Please print nothing but the lines from the one containing "REEDS ELECTRICAL SERVICES" to the final line below, exactly, and no pictures.

* Data shown *
+ + + + +

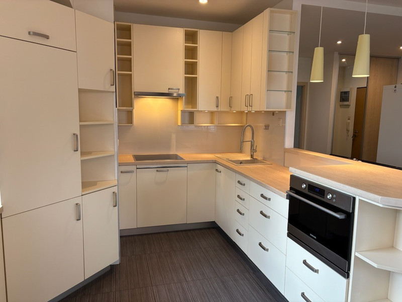 Kuchnia - 8m2: gres podłoga i część ścian, meble kuchenne w zabudowie, zlewozmywak , płyta indukcyjna Samsung, duża lodówka NoFrost z 3 szufladową zamrażarką Teka, piekarnik z funkcją mikrofali Samsung, zmywarka 60 Elektrolux , okap podłączony do komina wentylacyjnego.
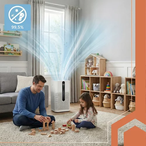 Čistý vzduch bez kompromisov pre alergikov, rodiny s deťmi aj domácnosti v meste. Pokročilá trojitá filtrácia s HEPA H12 a aktívnym uhlím zachytí väčšinu prachu, peľu aj pachov, zatiaľ čo ionizácia osvieži vzduch ako po búrke. Tichý chod, nízka spotreba a ovládanie cez mobil prinášajú pohodlie, zdravšie prostredie a pokoj na každý deň.
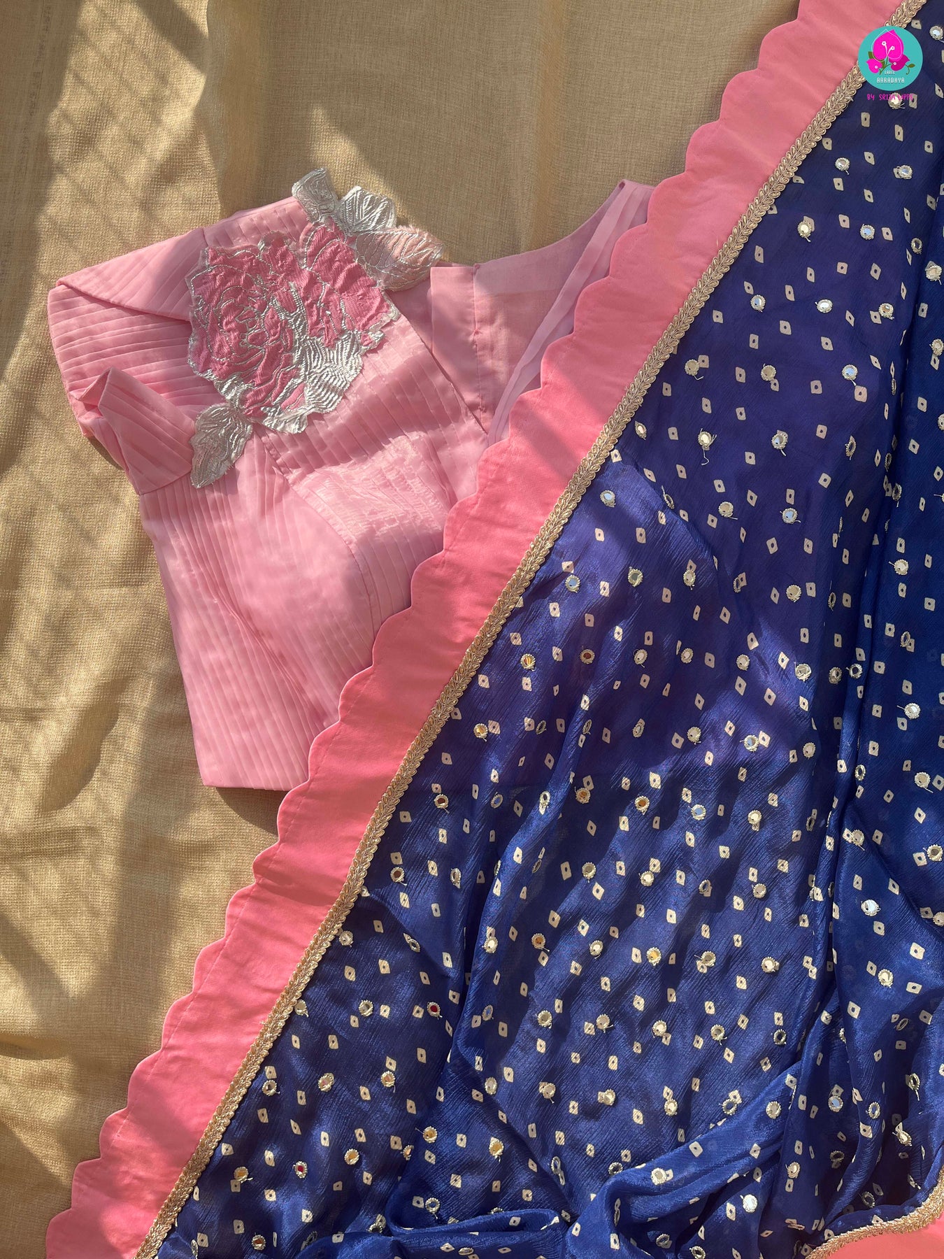 Experience the ultimate confidence and boldness with our Mirror worked chiffon saree! The all over mirrored design adds a touch of glamour and the light weight of the blue chinnon chiffon fabric makes it easy to drape. Embrace the adventure and take on the day with this stunning saree!
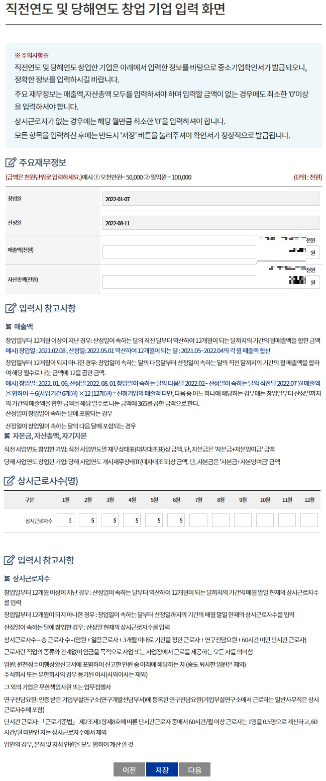 - 매출액 : 창업일로부터 12개월 이상 지난경우 / 12개월이 되지 않은 경우에 따라 계산하여 입력
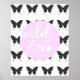 Elegant black, white, and pink design with silhouetted butterfly tile background. Pink circle overlay acts as canvas for the white calligraphic lettering, allowing the "Wild and Free" message to pop. Perfect for any room in a dorm or home.
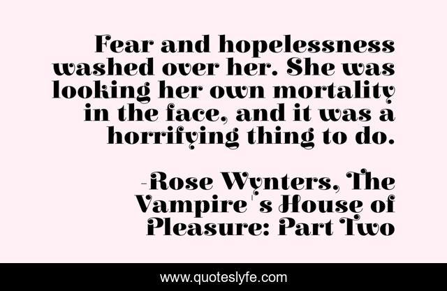 "Rose Wynters, The Vampire's House of Pleasure: Part Two Quotes." Quoteslyfe.com, 2025. Mon. 08 Dec. 2025. <https://www.quoteslyfe.com/quote/Fear-and-hopelessness-washed-over-her-She-202626>.
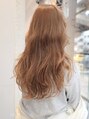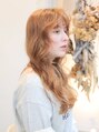 大人ガーリーなオレンジゴールドのくせ毛風ロング。ドライ質感でふわふわとやわらかさを出してフェミニンに。前髪パーマでフレンチカジュアルにイメチェン。顔周りのレイヤーで小顔に仕上げて洗練度アップ。アシンメトリーやセンターパートのヘアアレンジも◎
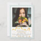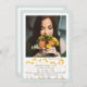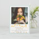 A misty grey-green background is layered with a white, torn-edge panel that is embellished with small golden leaves and has a large, photo window. Suitable for either gender and any age. The card is easy to customise with your wording, font, font colour, paper shape options and choice of six paper types.
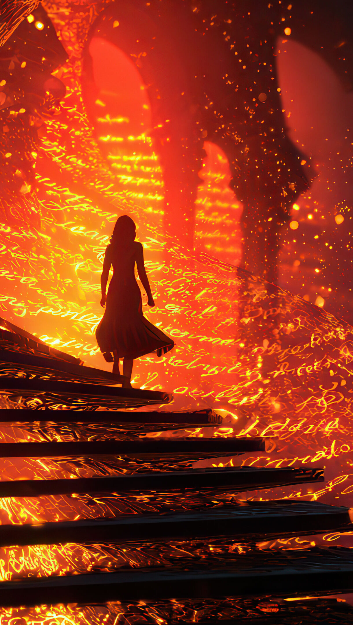 An evocative 4K wallpaper featuring a silhouetted woman ascending a grand, spiraling stairway in a dark, mystical cavern. Golden, luminous script and countless glowing particles swirl around her, casting the scene in a warm, fiery amber light that creates a powerful sense of an ethereal journey.
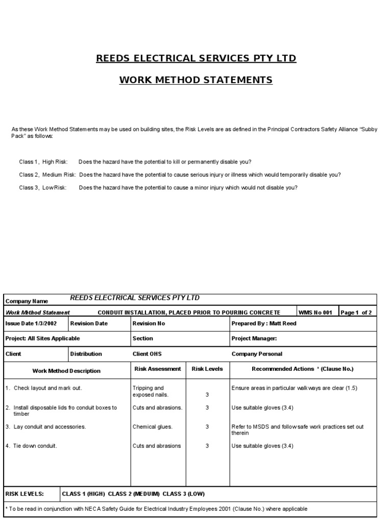 REEDS ELECTRICAL SERVICES PTY LTD WORK METHOD STATEMENTS
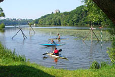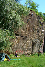 Поезд в Винницу стартовал в пятницу вечером в 19.08 и в 9.45 мы были на месте. Так как внятного описания, куда надо ехать, у нас не имелось (в предложенном на сайте ExtremeUa.com варианте на украинском языке разобраться не удалось), мы, закупив некоторые продукты на рынке у вокзала, сели на такси. Надо сказать, цены на рынке нас приятно поразили – 5 гривен (меньше 30 руб) за килограмм огромной отборной клубники). Таким образом мы доехали до спортивной базы «Динамо» и оттуда еще минут 7 шли до скал. Как оказалось, добираться туда можно очень просто - на любой маршрутке с вокзала до гостиницы Украина. Далее пешком мимо Горисполкома. У колодца повернуть направо и идти вдоль реки мимо базы Динамо. Метров через 300 за базой будет спасательная станция и сразу за ней слева – скалы. Маршрутка 36 доходит прямо до поворота на Динамо.
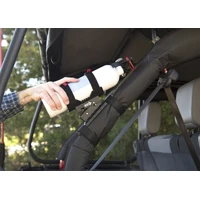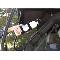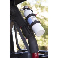 The Elite Fire Extinguisher Holder is the perfect way to store that essential fire extinguisher on your off-road rig. Featuring stunning billet-style cast aluminum construction, durable textured black powder coat and a spring-loaded release mechanism made from 316 Stainless Steel, the Elite Fire Extinguisher Holder sets the standard for both form and function. Designed to work with most 2.5 lb. round extinguishers, the holder can be mounted directly to a roll bar tube or to any flat surface with the included hardware and allows for smooth one-handed access if the need ever arises. (Extinguisher not included). Patent Pending.
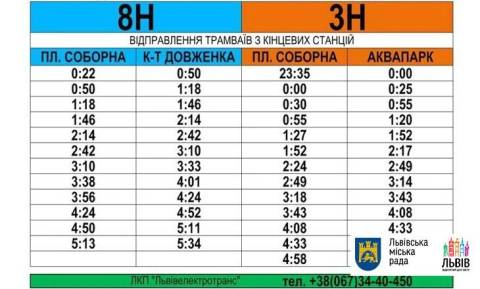 «Нічні трамваї курсуватимуть із інтервалом біля 30 хвилин. Ми уже розробили розклади руху цих трамваїв і розповсюдимо їх через ЗМІ, щоб люди знали, коли відправлятимуться ці трамваї», – наголосив в.о. начальника служби диспетчеризації та організації руху Володимир Забавський.

+ + + + +

* Result of this exercise *
 REEDS ELECTRICAL SERVICES PTY LTD WORK METHOD STATEMENTS
 Поезд в Винницу стартовал в пятницу вечером в 19.08 и в 9.45 мы были на месте. Так как внятного описания, куда надо ехать, у нас не имелось (в предложенном на сайте ExtremeUa.com варианте на украинском языке разобраться не удалось), мы, закупив некоторые продукты на рынке у вокзала, сели на такси. Надо сказать, цены на рынке нас приятно поразили – 5 гривен (меньше 30 руб) за килограмм огромной отборной клубники). Таким образом мы доехали до спортивной базы «Динамо» и оттуда еще минут 7 шли до скал. Как оказалось, добираться туда можно очень просто - на любой маршрутке с вокзала до гостиницы Украина. Далее пешком мимо Горисполкома. У колодца повернуть направо и идти вдоль реки мимо базы Динамо. Метров через 300 за базой будет спасательная станция и сразу за ней слева – скалы. Маршрутка 36 доходит прямо до поворота на Динамо.
 The Elite Fire Extinguisher Holder is the perfect way to store that essential fire extinguisher on your off-road rig. Featuring stunning billet-style cast aluminum construction, durable textured black powder coat and a spring-loaded release mechanism made from 316 Stainless Steel, the Elite Fire Extinguisher Holder sets the standard for both form and function. Designed to work with most 2.5 lb. round extinguishers, the holder can be mounted directly to a roll bar tube or to any flat surface with the included hardware and allows for smooth one-handed access if the need ever arises. (Extinguisher not included). Patent Pending.
 «Нічні трамваї курсуватимуть із інтервалом біля 30 хвилин. Ми уже розробили розклади руху цих трамваїв і розповсюдимо їх через ЗМІ, щоб люди знали, коли відправлятимуться ці трамваї», – наголосив в.о. начальника служби диспетчеризації та організації руху Володимир Забавський.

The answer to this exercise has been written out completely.